Evan Bernick: Substantive Due Process Justice Thomas Could Love
Michael Ramsey

Evan D. Bernick (Georgetown University Law Center) has posted Optimizing the Oxymoron: Substantive Due Process Justice Thomas Could Love (George Mason Law Review, forthcoming) on SSRN.  Here is the abstract: 

Originalists generally reject the proposition that the Due Process of Law Clauses of the Fifth and Fourteenth Amendments not only require that certain procedures be followed prior to any deprivations of “life, liberty, or property” but also constrain the content or substance of legislation. This Article defends "substantive due process" on originalist grounds. It then undertakes to improve substantive due process doctrine by deploying the theory of good-faith construction developed in previous articles, as well as tools drawn from cognitive psychology, welfare economics, agency cost theory, and public choice theory.

Part I briefly describes the leading originalist criticisms of substantive due process. Part II summarizes the the originalist case for judicial review of legislative deprivations of life, liberty, or property to determine whether those deprivations are calculated to achieve constitutionally proper ends or are instead arbitrary. It argues that the Due Process of Law Clauses were originally designed to thwart arbitrary deprivations of life, liberty, and property, and that due process of law doctrine should be designed to implement that original spirit. Part III provides an overview of the constitutional heuristics—strategies used to simplify constitutional decisionmaking—that the judiciary has used to thwart arbitrary legislation since the Fourteenth Amendment’s ratification.

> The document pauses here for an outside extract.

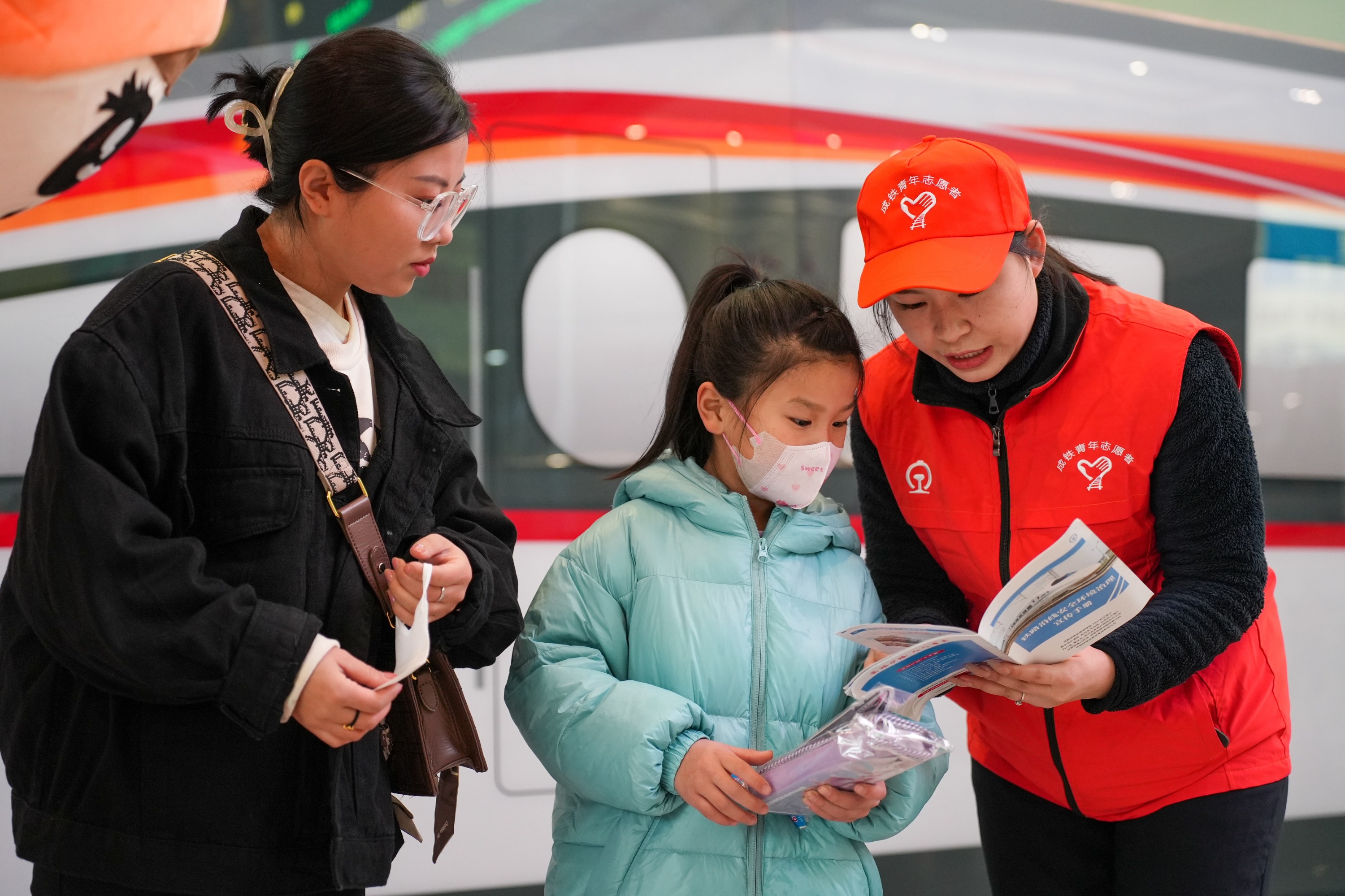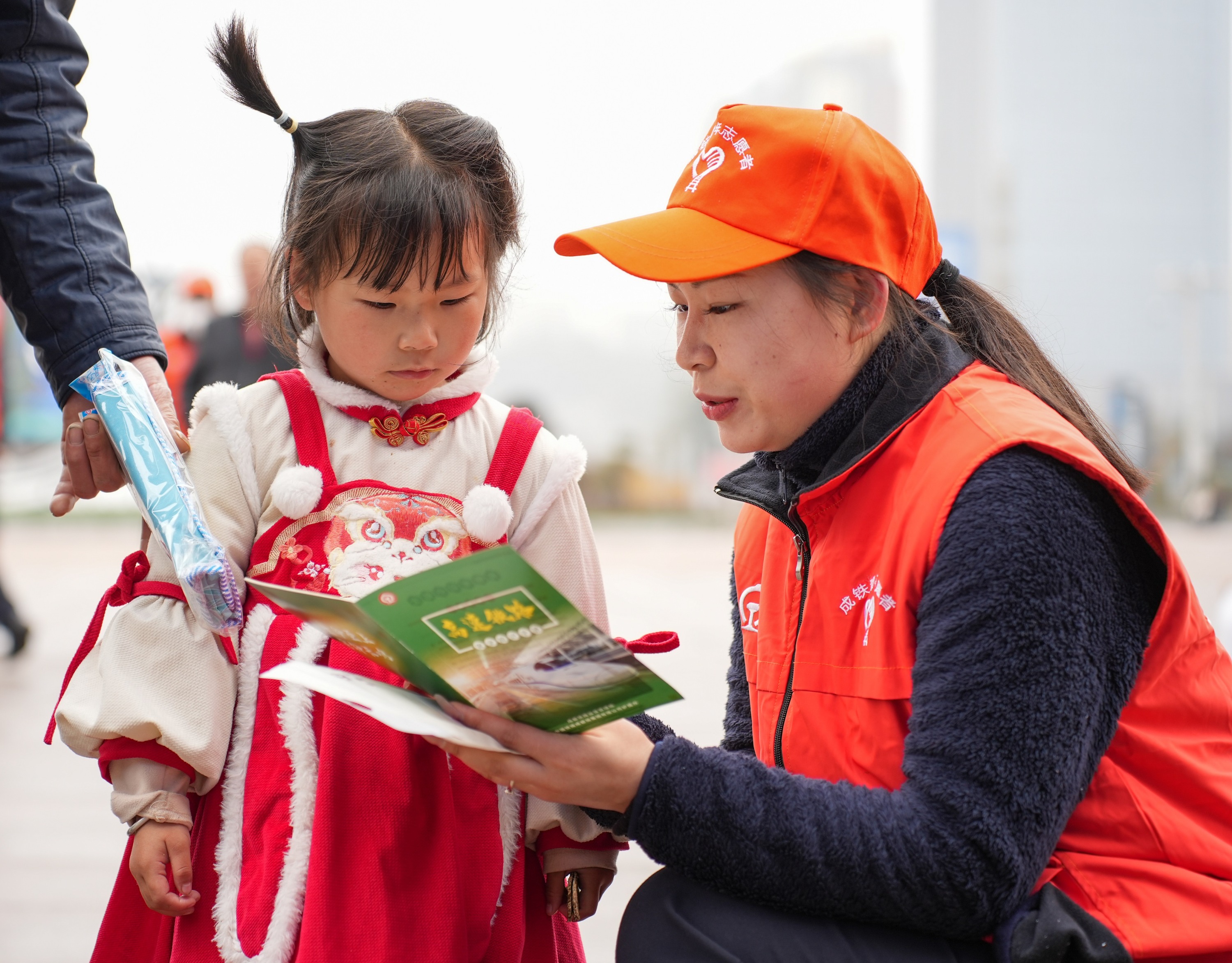 “小朋友,我们在开展‘学雷锋’活动,在这里要提醒大家在乘车过程中要注意站台安全,平时玩耍要远离火车线路,回到课堂也要分享给同学们哦。”贵阳车站青年志愿者姚红同志正在为小朋友宣传铁路安全知识,当得到家长和小朋友的点赞时,她笑着说到“雷锋精神不仅在我们身上传承,也要在小朋友的心里播下了种子。”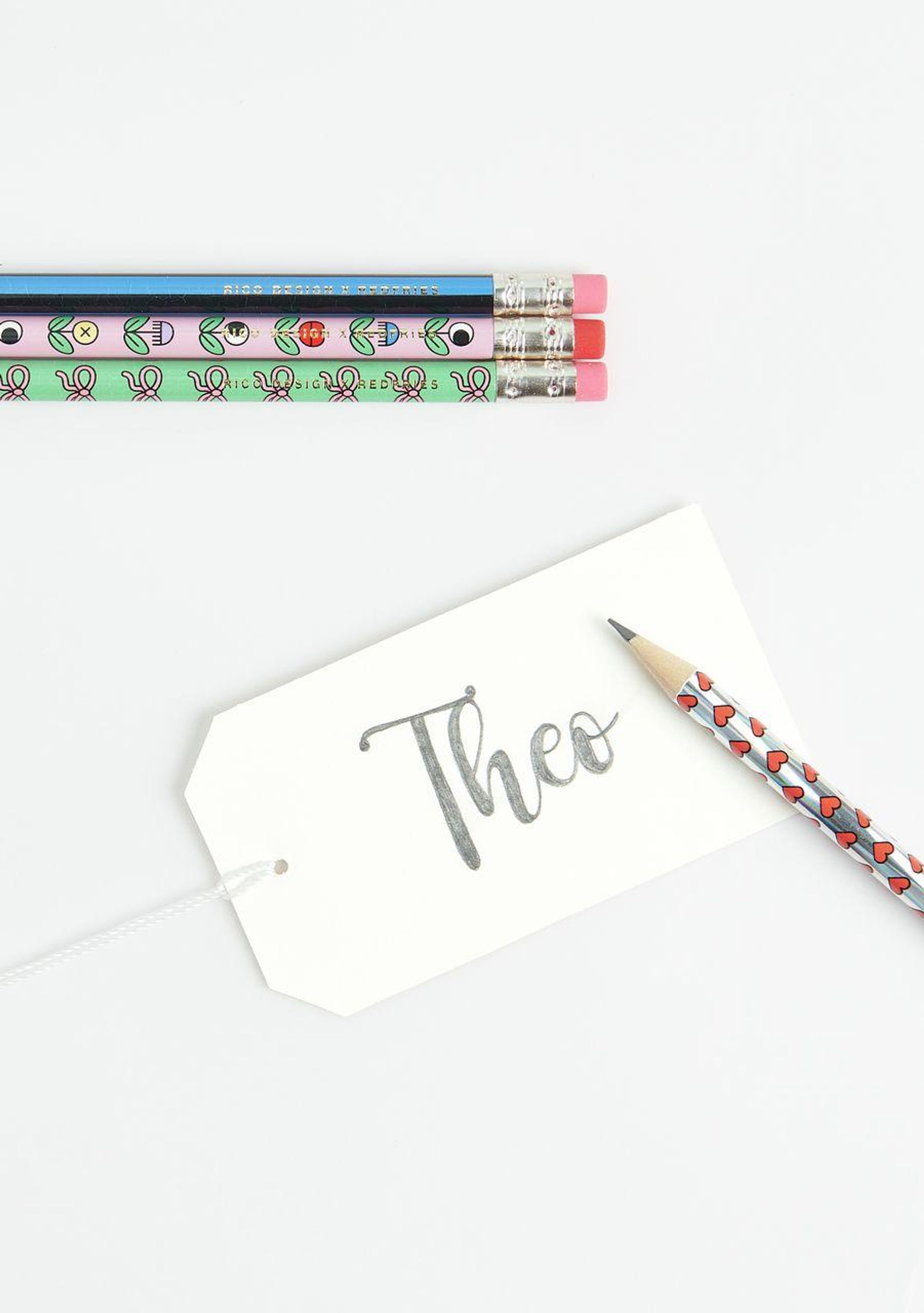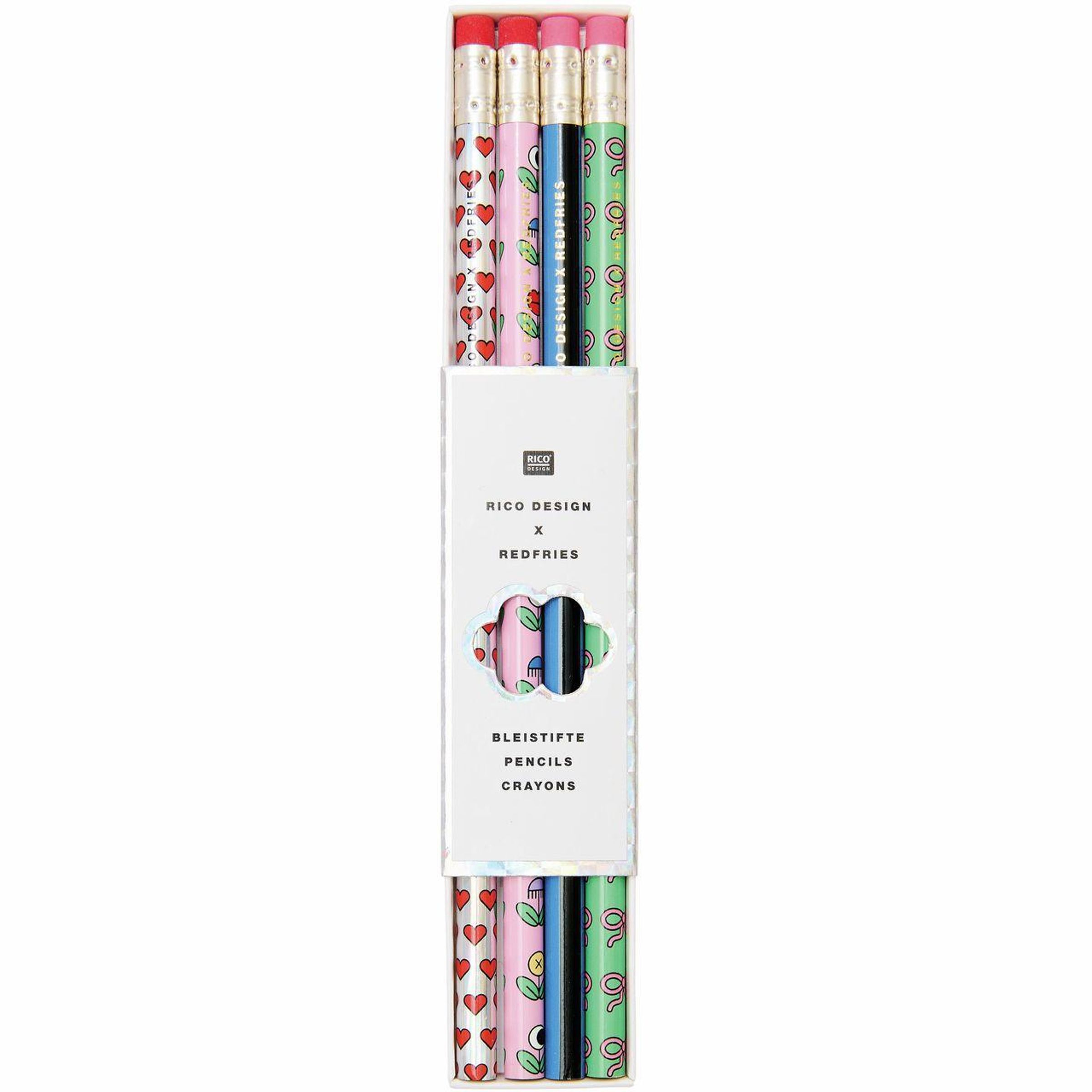 Vier Bleistifte mit Mustern: Herzen, Augen, Text auf Schwarz und Schleifenmuster, alle mit Radiergummienden., Diverse

It then develops a strategy that will better equip judges to reduce the costs associated with the abuse of legislative discretion.

The Article ultimately calls upon the Supreme Court to reaffirm the standard of rational-basis review that was articulated and applied in United States v. Carolene Products. The default standard of constitutional review of state legislation that deprives people of life, liberty, or property should be similar to what it was before the Court embraced what can been termed the political judgment rule—a form of rational-basis review that effectively insulates legislation from scrutiny for arbitrariness. That default standard should, however, be informed by a coherent understanding of the states’ reserved “police” powers—one which holds that exercises of those powers must be calculated to reduce negative externalities—and a realistic model of legislative behavior.